MOVIE producers should be careful what they put on their movie posters, with the tagline for this movie proclaiming it to be ‘the most terrifying film you will ever experience’, it’s surprising that no one has tried to sue those involved for false advertising such a proclamation, because this reimagining of Sam Raimi’s 1981 original just isn’t that scary. It relies heavily upon blood and gore for shock tactics, at the expense of any genuine scares.

Directed by Uruguayan filmmaker Fede Alvarez, who makes his feature debut with this project. Alvarez has made an array of talented short films, he was a somewhat surprising choice to direct this reboot, but at least the original director Sam Raimi remains on-board in a producing capacity. He’s joined by Rodger Tapert and Bruce Campbell all of whom financed the original feature, but viewers will be saddened that Campbell’s iconic chin is nowhere to be seen, with a new younger cast picking up the mantle.

When five friends travel to a remote cabin in the woods in an attempt to help their friend Mia (Jane Levy) beat her ongoing drug addiction and rekindle her broken relationship with her brother David (Shiloh Fernandez). But when the group discover a mysterious book bound in human flesh and wrapped in barbed wire, as they foolishly read the book’s incantations they unwittingly unleash an evil demonic presence that one by one attempts to possess there very souls.

As all hell is released upon the group, the film slowly becomes a continuous array of gory set-piece after another, some of which are truly shocking. But it felt more like the director was purposely trying to disgust viewers rather than attempting to scare them. It’s commendable that the filmmakers have attempted to do everything with practical effects rather than using digital CGI trickery, but the film’s main problem is that everything is taken far too seriously and lacks the dark twisted sense of humour of the original.

The 1981 version of Evil Dead earned cult status when it was placed on the video nasties list in the 1980’s. Famously it was labelled as ‘the number one nasty’ by Mary Whitehouse, but despite its excessive violence and gore there was a wonderful undertone of dark twisted humour running throughout the feature. Raimi famously described the film as being like the Three Stooges with blood and guts stepping in for custard pies. Sadly that sense of humour has been stripped away from this remake and the final result feels like an Evil Dead for the torture porn generation.

The film’s ending is silly and needlessly over the top, with its climax playing out as a metaphor for Maya’s attempt to beat her drug addiction. But it’s all too stuffy in comparison to the wonderfully uncontrolled lunacy of the original.

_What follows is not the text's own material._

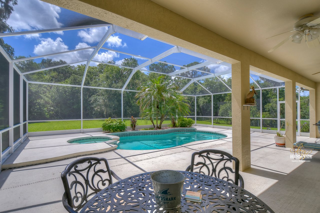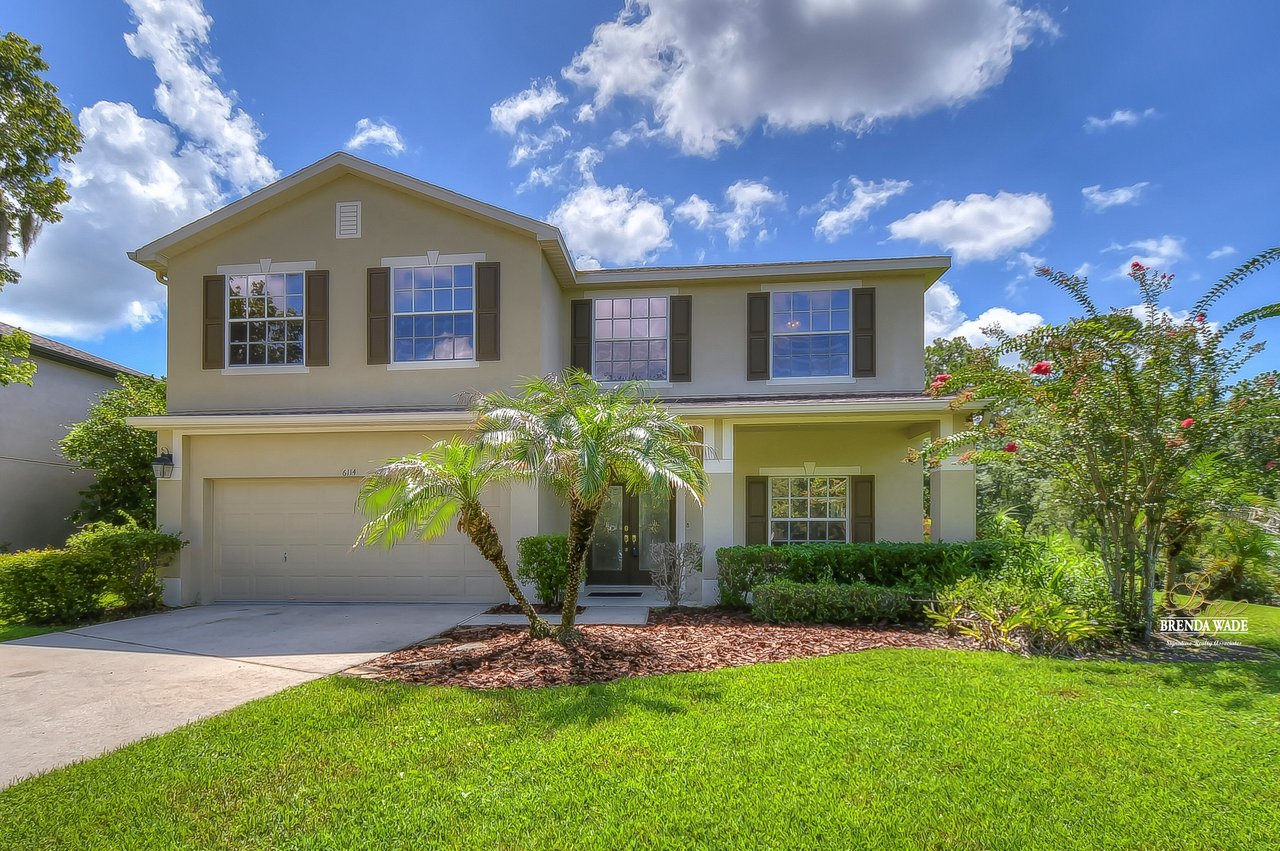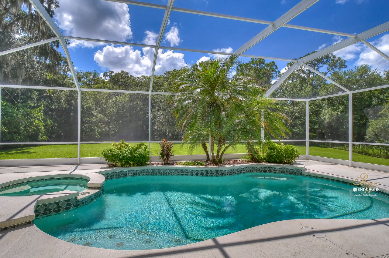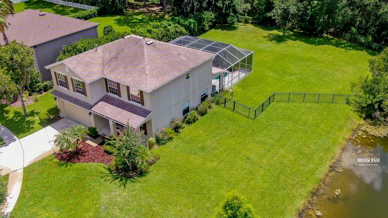 NEW ROOF JUST INSTALLED IN SEPTEMBER 2022! Wow, you don't see many settings like this one! At the very end of a cul-de-sac, with a huge backyard bordered by lush conservation and a peaceful pond is this .36-acre lot! You've got to see it for yourself! From the cozy covered front porch, you enter the leaded glass double front doors and instantly feel at home! The owner has taken great care of the home and updated it tastefully! Notice the updated luxury vinyl plank flooring in the foyer, which continues throughout the first floor! The formal living and dining rooms feature plantation shutters on the large windows offering great views! The A M A Z I N G kitchen is large and updated with 42" raised white cabinets topped with crown, granite countertops, breakfast bar seating, and so much room to prepare meals together! You can spend your everyday meals in the breakfast nook where you get to enjoy the peaceful pond and maybe some wildlife! A slider from the family room leads out to the large covered pool and lanai! Rounding out the first floor is a powder room with pedestal sink, conveniently located for company! Upstairs you will find the super-sized primary bedroom with a nice sitting area, giant double walk-in closet, and a BEAUTIFULLY updated bathroom with walk-in shower, dual sinks, and gorgeous tile flooring! There are three more generously sized bedrooms, one with crown molding and another with a walk-in closet! Just wait till you see the backyard - it's huge! Fenced along the lush conservation there's more than enough room to run and play when you're not enjoying the heated pool with tropical landscaping! You will also be given access to the amenities FishHawk Ranch has to offer including community pools, fitness center, aquatic club, walking trails and so much more! If you have school-aged children, you will love the A-rated schools that this home is zoned for! This setting is one in a million: expansive views, yet nestled on a very private lot! It's a winner, come see it while you can! View the home virtually with this link:

Fans of the original will more than likely turn their nose up at this attempted remake, after-all Raimi himself already remade the feature in all but name in 1987 with the Evil Dead II and that attempt was a much more enjoyable watch than this. For those who have never watched the 1981 version, I’d recommend sitting down to watch it instead, to see what an inventive little horror gem it was in comparison to this. When the film’s best moment is a great post-credits cameo it says it all really.